HUNTING safaris provide a good source of income for many farmers and as a result many farms in the area are well-stocked with eland, gazelle, deer, impala, common and black springbok, kudu and many smaller antelope. Visitors to the area should keep a look-out for game crossing the roads, especially after dark. For info on hunting opportunities in the Rietbron area, contact the Baviaans Tourism Office on 044 923 1702.
The BEERVLEI DAM was completed in 1957. It was built for the purpose of flood control on the Grootrivier, especially for the sake of the farming community in the Patensie area. In 1961 the Kariega and Salt Rivers, the feeder rivers for the Beervleid Dam, came down in flood and the dam overflowed for the first time. The dam never stays full for any length of time since it is a flood control dam and not for irrigation purposes. Whenever the dam receives enough water, the sluices are opened to make water available for irrigation on a rotation basis for users downstream. In 2001 the dam was almost at full capacity and the sluice gates were kept closed for some months. As a result the fish population increased and anglers recorded catches of Carp, Silver fish and Springers. In recent years it has been noted that less and less water flowes into this dam as a result of the construction of weirs upstream and also because the annual rainfall has dropped in the catchment area. Beervlei Dam remains, however, a very interesting attraction. The picnic spot just below the wall remains a favourite stopping place for passers-by.
THe farm, Kaalplaas, depite immense water scarcity, was declared an urban area in 1909. It was observed that a nearby reed-bush (known as "rietbos" in Afrikaans) produced a sustainable damp spot in the soil. Drawing on Biblical ways, a well was dug and a very strong and shallow underground water source was discovered. Hence, the source (translated "bron" in Afrikaans), of Rietbron's name. Water from the source flowed into Paddadam, from which many farmlands and orchards were irrigated.

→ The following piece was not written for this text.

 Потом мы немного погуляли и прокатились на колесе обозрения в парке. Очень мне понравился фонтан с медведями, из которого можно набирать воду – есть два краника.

The current LIBRARY was one of the first buildings in the town. Rietbron's school was established in this building shortly after the establishment of the town. From 1919 until 1960 it was used as a hostel for the school. On 12 July 1961 it was established as the town's library. The contact number for the library is 044 934 1008.

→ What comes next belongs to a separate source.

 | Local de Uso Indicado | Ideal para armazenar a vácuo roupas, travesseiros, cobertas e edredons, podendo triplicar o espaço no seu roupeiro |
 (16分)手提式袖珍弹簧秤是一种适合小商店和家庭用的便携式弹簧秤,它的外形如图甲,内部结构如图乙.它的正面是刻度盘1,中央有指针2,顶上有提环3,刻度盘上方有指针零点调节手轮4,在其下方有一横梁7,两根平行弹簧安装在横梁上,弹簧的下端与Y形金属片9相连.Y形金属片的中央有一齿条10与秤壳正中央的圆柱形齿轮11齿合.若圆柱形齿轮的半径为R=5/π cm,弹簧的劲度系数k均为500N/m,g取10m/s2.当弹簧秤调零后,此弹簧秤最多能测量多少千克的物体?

The KANNIEDOOD (Aloe Veriegatal) is probably the most well-known and outstanding of aloes of the Karoo, with its white spots on both sides of its leaves, it resembles the spots of a partridge - hence its common name: partridge breast aloe. The Afrikaans name, Kanniedood (the inability to die), refers to its resistance to prolonged droughts. Kanniedood - indeed - it goes for plant, animal and human in this region.